You could almost be describing Basil!! He too has developed a passion for chasing birds! But even when he does chase them off he never goes too far.

And I only let him off unless there's no one else around...if there are kids playing footballl in the park you can forget it - he would be in the middle of the game whether they liked it or not!

I actually think it's about trust at the end of the day. We have shown him that we trust him to come back and he trusts us enough to want to come back. If we continue to work hard and train him well, I can see no reason why he shouldn't enjoy off lead walks all the time.

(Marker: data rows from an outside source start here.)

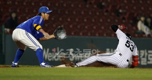 4일 서울 잠실구장에서 열린 프로야구 삼성 라이온즈와 LG 트윈스의 경기에서 1회초 LG 공격, 6회말 LG 공격, 무사 무주자 상황에서 LG 이대형이 우중간 3루타를 친 후 세이프되고 있다.
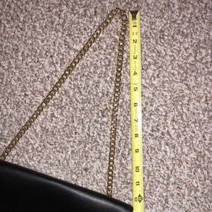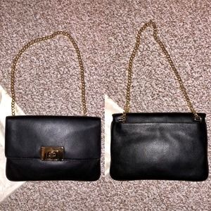 Beautiful soft black leather construction with gold hardware. Gold chain Strap tucks away in the back pocket to turn this bag into a clutch. Front gold buckle turns for locked closure. Interior credit card and ID slots. Comes with dust bag. In great condition- only wore one time for a wedding. Coming from a clean and smoke-free home. See photos for measurements.
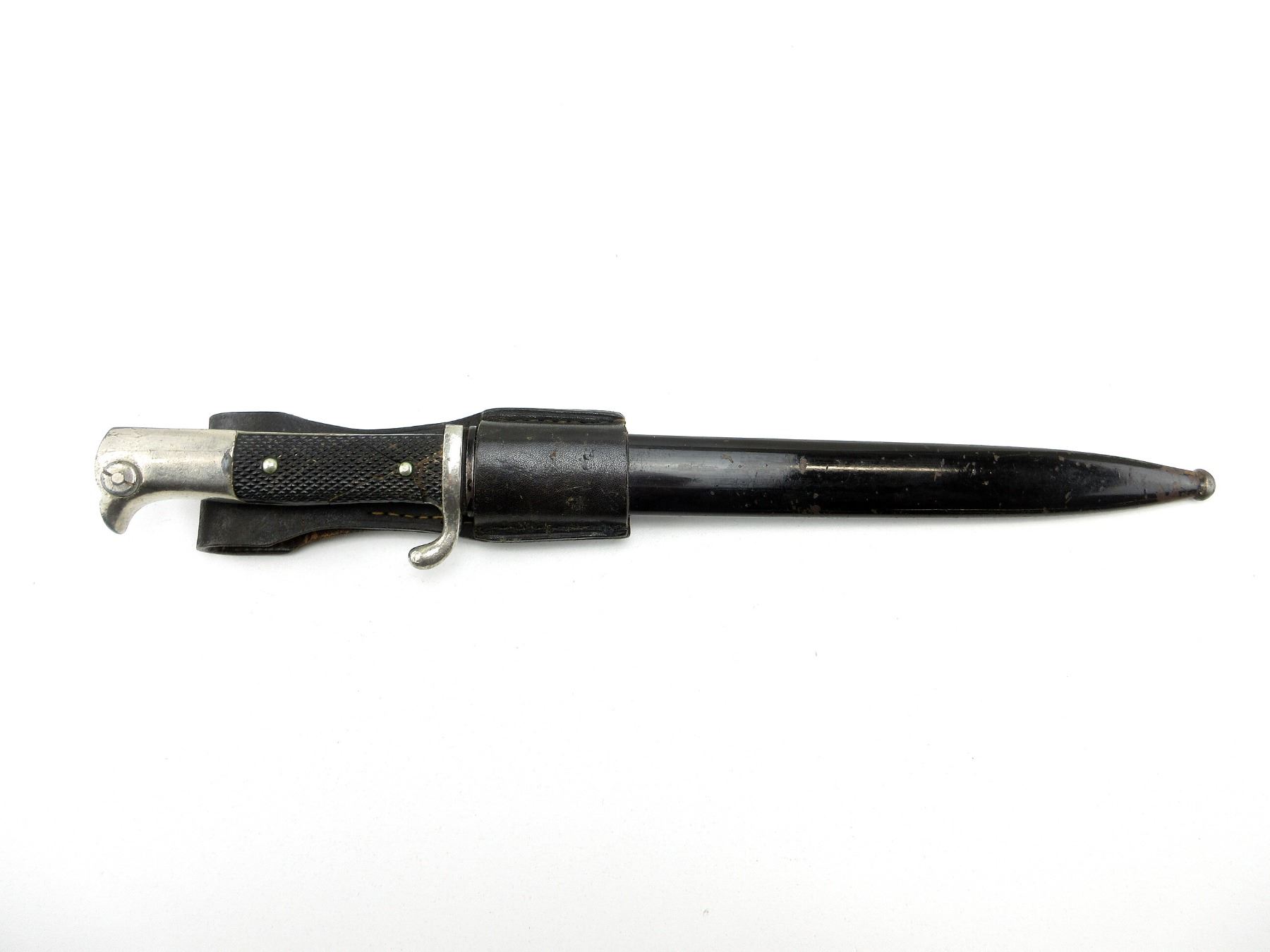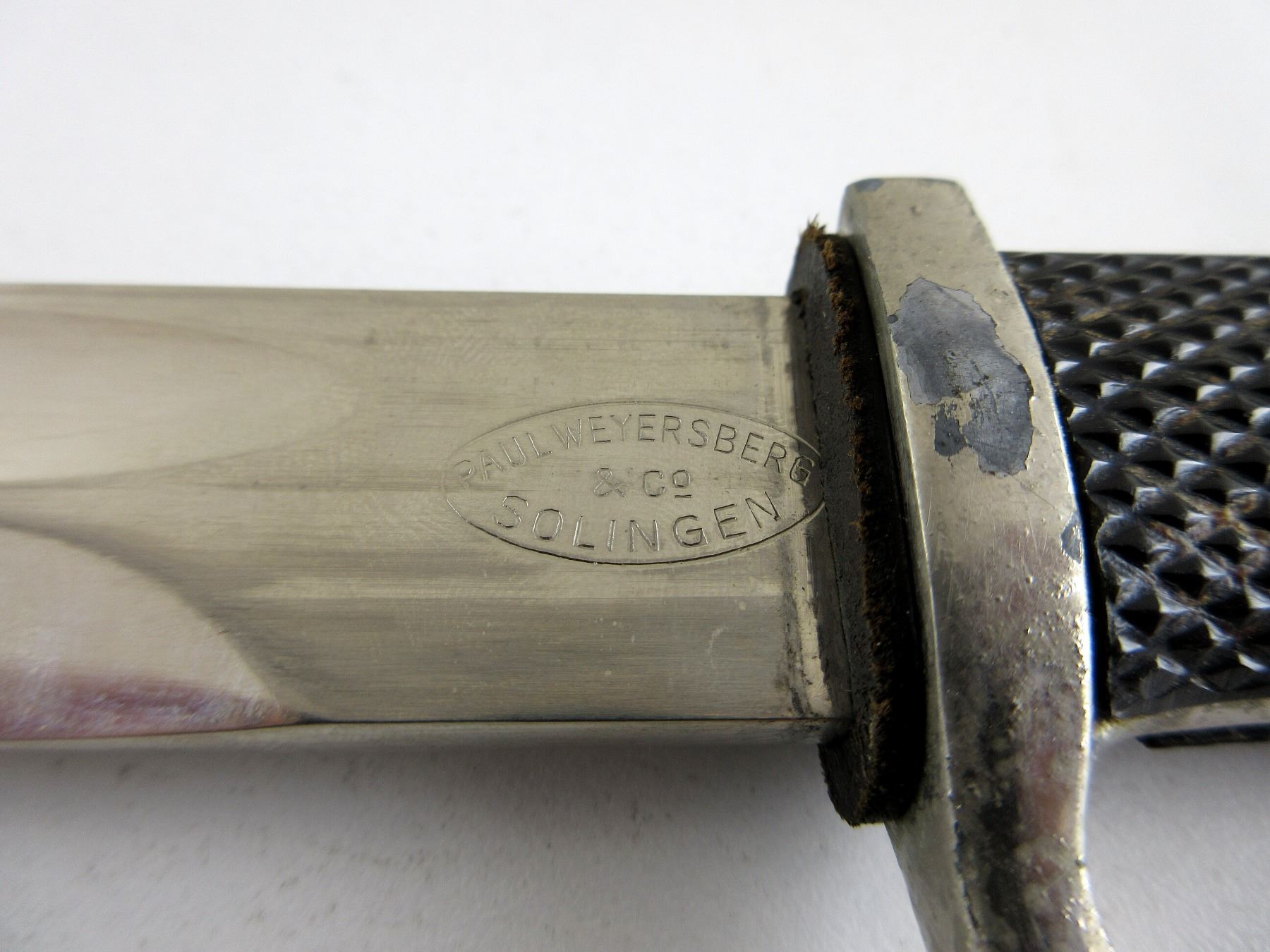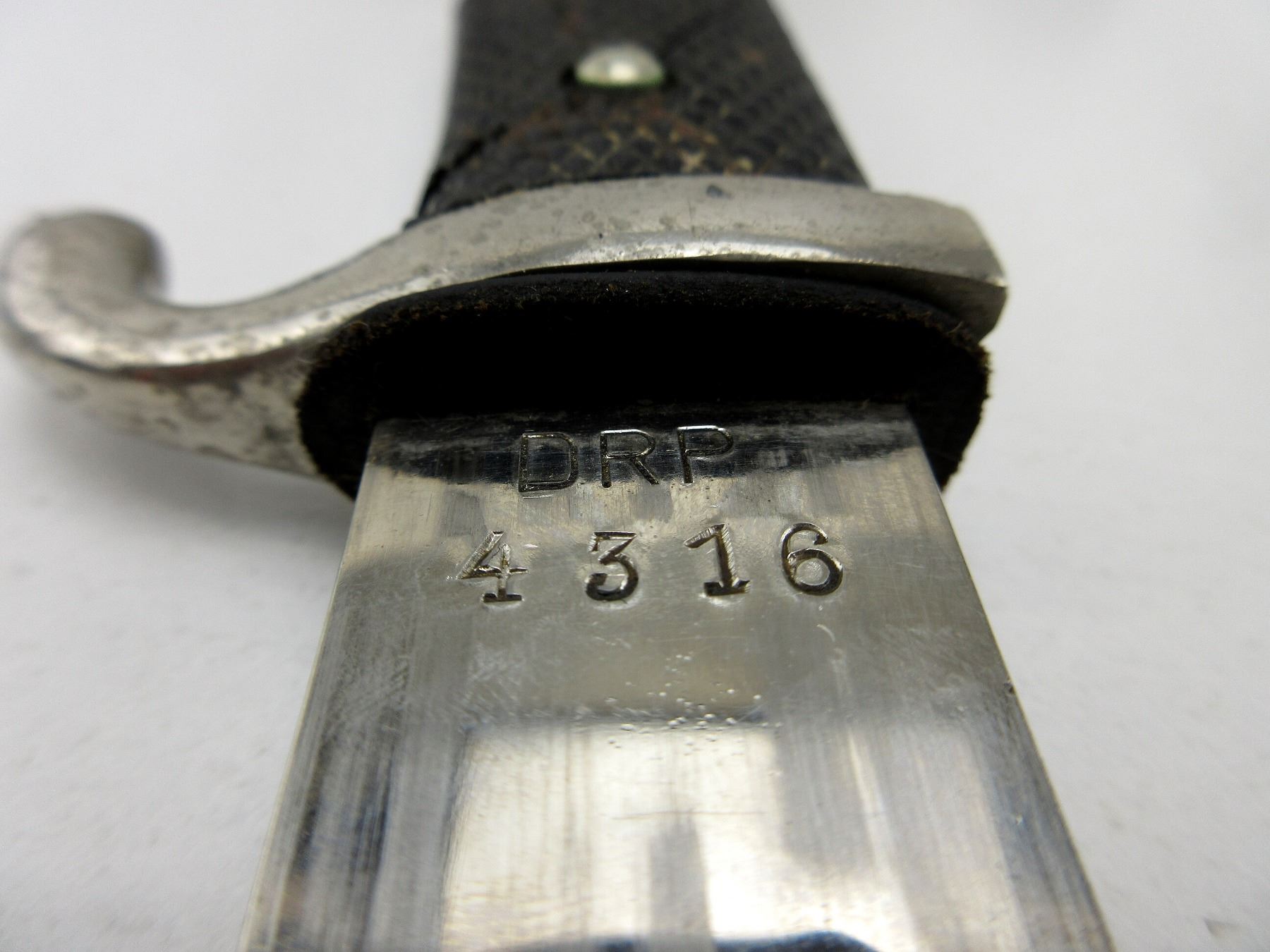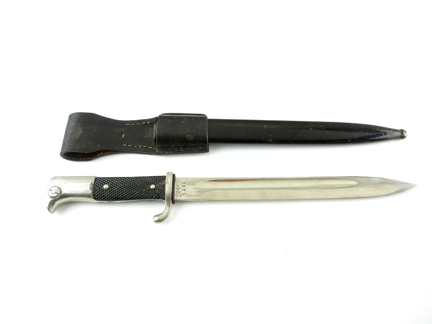 (1) DRP PARADE BAYONET, NICKEL PLATED BLADE, CROSS-GUARD & POMMEL, BLADE IS SLIGHTLY LOOSE, RICASSO MARKED: "PAUL WEYERSBERG & CO., SOLINGEN" IN AN OVAL, OTHER-SIDE MARKED: "DRP, 4316", LEATHER WASHER, 2-PIECE BLACK POLYMER CHECKERED GRIP, CRACKS ON ONE SIDE OF GRIP, METAL POMMEL, NO VISIBLE MARKINGS, BLACK PAINTED METAL SCABBARD WITH LEATHER BELT FROG, NO VISIBLE MARKINGS ON SCABBARD OR FROG, BLADE APPROX. 9 7/8" & OAL APPROX. 14 7/8". SEE PHOTOS.
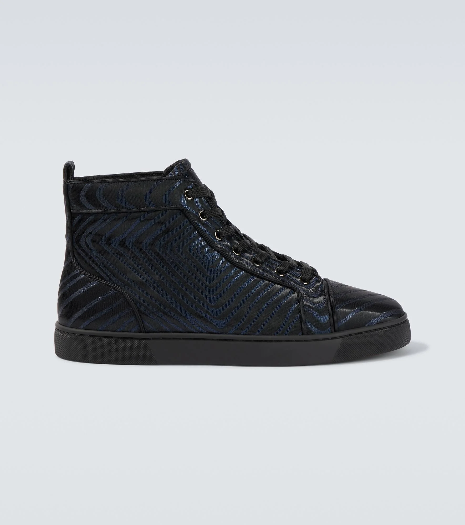 Crafted in Italy using jacquard, the Louis high-top sneakers from Christian Louboutin feature leather insoles on almond-toe silhouettes. This design is finished with stripes all over and the brand's signature red soles. Product Details - Upper: fabric - Lining: fabric, leather - Sole: leather insole, signature red rubber sole - Toe shape: almond toe - Made in Italy - Includes: shoe box, dust bags, extra laces - Designer color name: Black-Navy - Item color: black - Closure: lace-up - Item number: P01050860 Size & Fit - True to size - European sizes
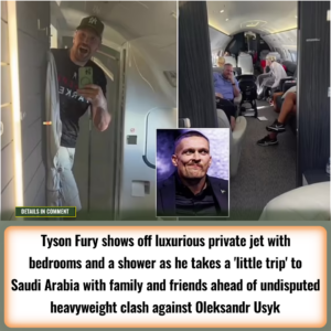 Tyson Fury shows off luxurious private jet with bedrooms and a shower as he takes a ‘little trip’ to Saudi Arabia with family and friends ahead of undisputed heavyweight clash against Oleksandr Usyk
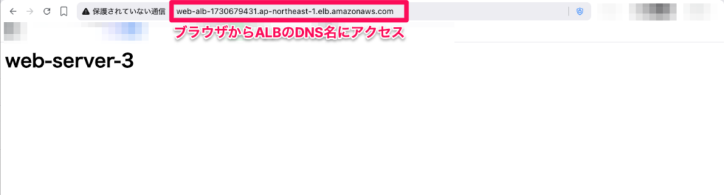 web-alb-xxxxxxxxxx.ap-northeast-1.elb.amazonaws.com)にブラウザでアクセスし、正常にページが表示されることを確認します。 - 複数回リロードして、問題のWeb Serverにもトラフィックが分散されていることを確認します。アクセスログやアプリケーション側でどのサーバーが応答しているかを確認できるようにしておくと、分散状況がわかりやすくなります。
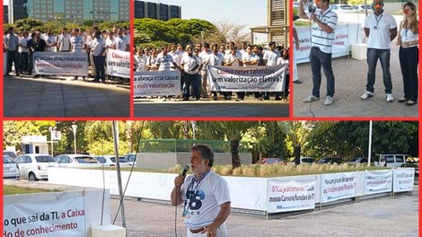 Os empregados e empregadas da TI da Caixa Econômica Federal realizaram novo ato público no edifício Matriz I, na manhã desta terça-feira (7), para chamar a atenção da empresa e reforçar que a categoria continua mobilizada para acompanhar os desdobramentos da implantação do plano de valorização, previsto no Acordo Coletivo de Trabalho para entrar em vigor em 2015.

I love this forum...so much reassurance when you need it!


----------



## Chocmonster (Feb 23, 2010)

I dream of the day I can let Milly the Terrier cross off her long line. She's getting better and I find that once she's run off the pent up energy she wanders around and I've been tempted a few times then. The one time I did drop the line she spotted another dog before I did and of course nipped off to bark at it. However she's only been with me for two months so it's early days yet.


----------



## Nicky10 (Jan 11, 2010)

My terrier mix is walked offlead most of the time and there's a chance he has some border terrier in him. If he has a good recall then keep working on it and let him off as much as you can in safe areas obviously


----------



## aurora (Aug 16, 2008)

both my girls have been off lead from pups when we got them at 8 weeks, i love to see them free running in the fields we have, yes i have to be aware of small furries etc, given half a chance they will run after them, so i try to see them first and go in another direction, and i've always got some smellie treats to get there attention or there ball, they will do anything to play with this one small red ball they have, they have hours of fun playing with it in the fields chacing each other trying to get it off each other. Road walking i do on lead, this is good practice for them, and it is much safer for all concerned.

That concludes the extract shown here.